# Recorded information
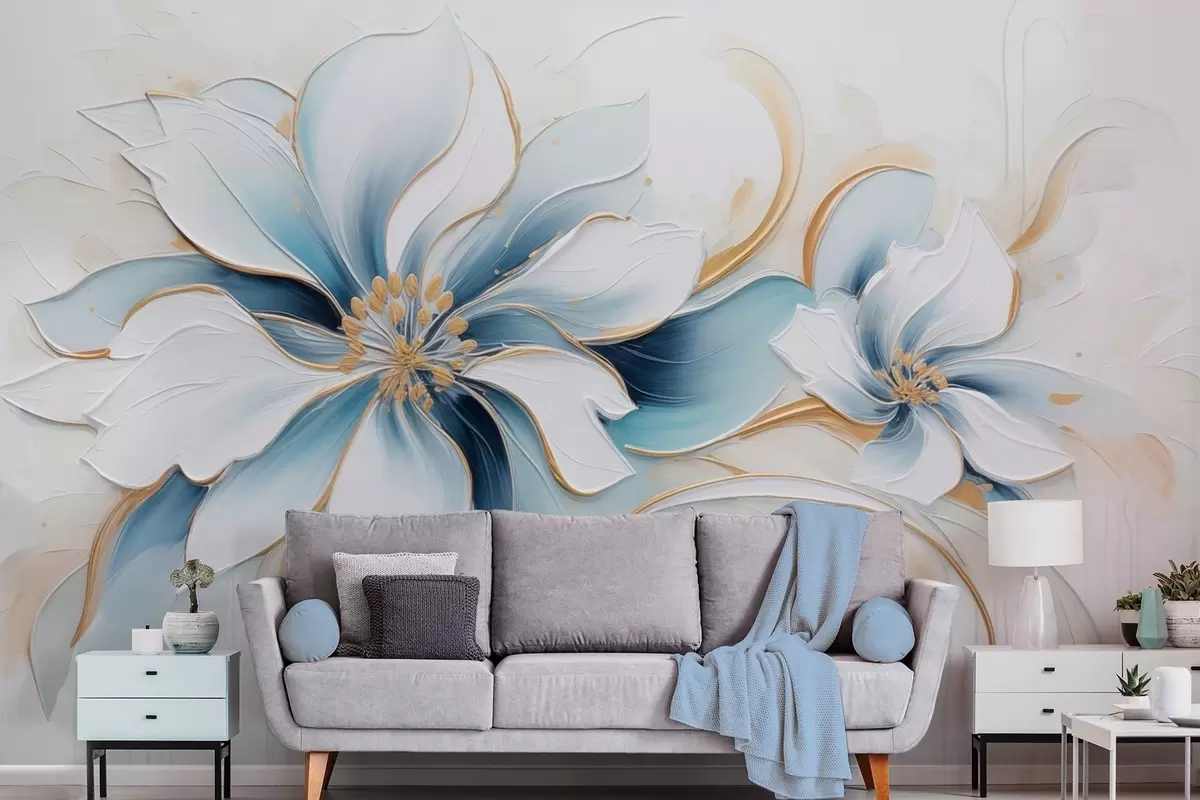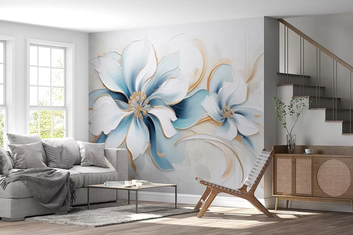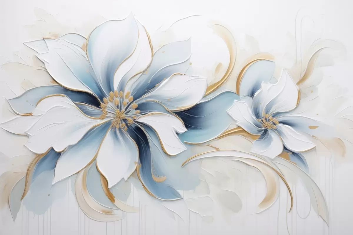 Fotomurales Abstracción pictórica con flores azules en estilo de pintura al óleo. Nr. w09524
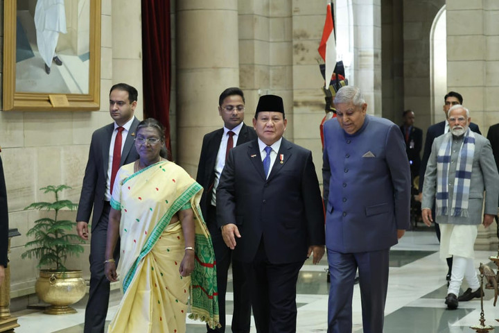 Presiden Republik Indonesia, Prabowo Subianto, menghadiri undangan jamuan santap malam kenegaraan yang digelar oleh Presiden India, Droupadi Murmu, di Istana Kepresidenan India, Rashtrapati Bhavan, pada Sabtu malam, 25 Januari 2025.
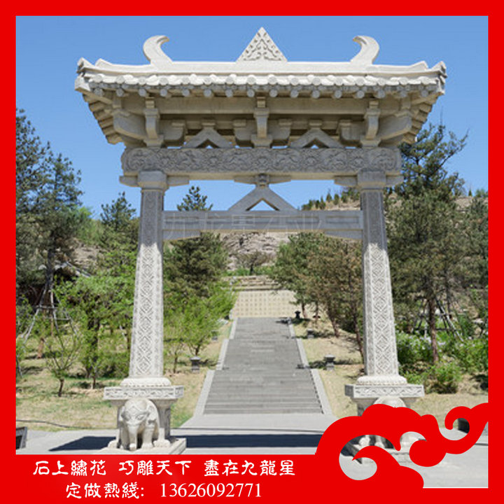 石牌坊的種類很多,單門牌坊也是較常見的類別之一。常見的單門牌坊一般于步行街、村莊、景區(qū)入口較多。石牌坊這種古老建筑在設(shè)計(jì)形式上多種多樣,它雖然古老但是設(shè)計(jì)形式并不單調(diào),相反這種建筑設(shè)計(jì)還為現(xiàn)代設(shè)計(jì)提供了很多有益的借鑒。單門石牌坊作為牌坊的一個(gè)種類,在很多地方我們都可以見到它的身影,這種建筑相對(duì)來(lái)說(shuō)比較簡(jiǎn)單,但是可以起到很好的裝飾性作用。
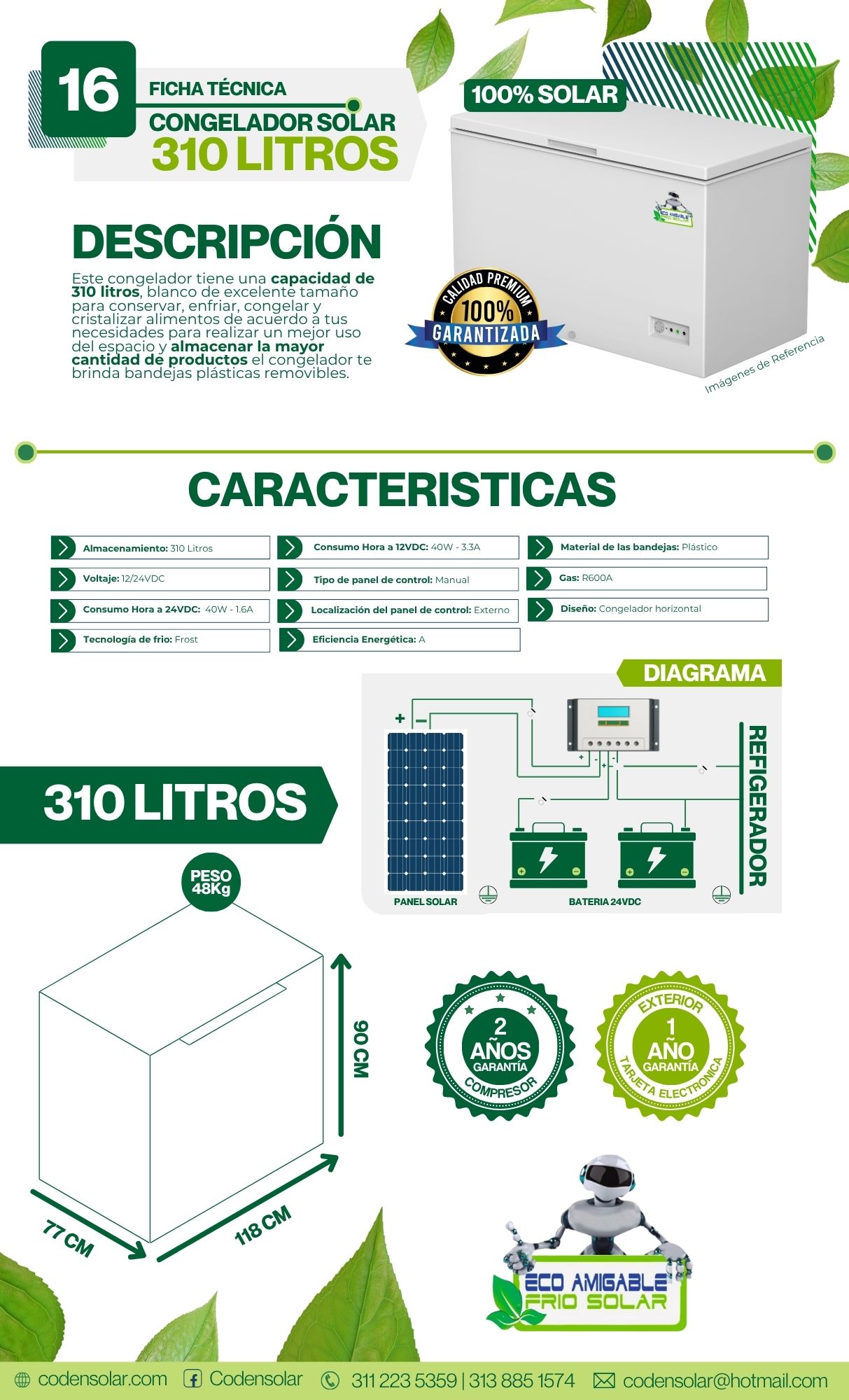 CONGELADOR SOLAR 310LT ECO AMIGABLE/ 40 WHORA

# Your task
Output the lines above verbatim, images excluded.

# Response area
 Fotomurales Abstracción pictórica con flores azules en estilo de pintura al óleo. Nr. w09524
 Presiden Republik Indonesia, Prabowo Subianto, menghadiri undangan jamuan santap malam kenegaraan yang digelar oleh Presiden India, Droupadi Murmu, di Istana Kepresidenan India, Rashtrapati Bhavan, pada Sabtu malam, 25 Januari 2025.
 石牌坊的種類很多,單門牌坊也是較常見的類別之一。常見的單門牌坊一般于步行街、村莊、景區(qū)入口較多。石牌坊這種古老建筑在設(shè)計(jì)形式上多種多樣,它雖然古老但是設(shè)計(jì)形式并不單調(diào),相反這種建筑設(shè)計(jì)還為現(xiàn)代設(shè)計(jì)提供了很多有益的借鑒。單門石牌坊作為牌坊的一個(gè)種類,在很多地方我們都可以見到它的身影,這種建筑相對(duì)來(lái)說(shuō)比較簡(jiǎn)單,但是可以起到很好的裝飾性作用。
 CONGELADOR SOLAR 310LT ECO AMIGABLE/ 40 WHORA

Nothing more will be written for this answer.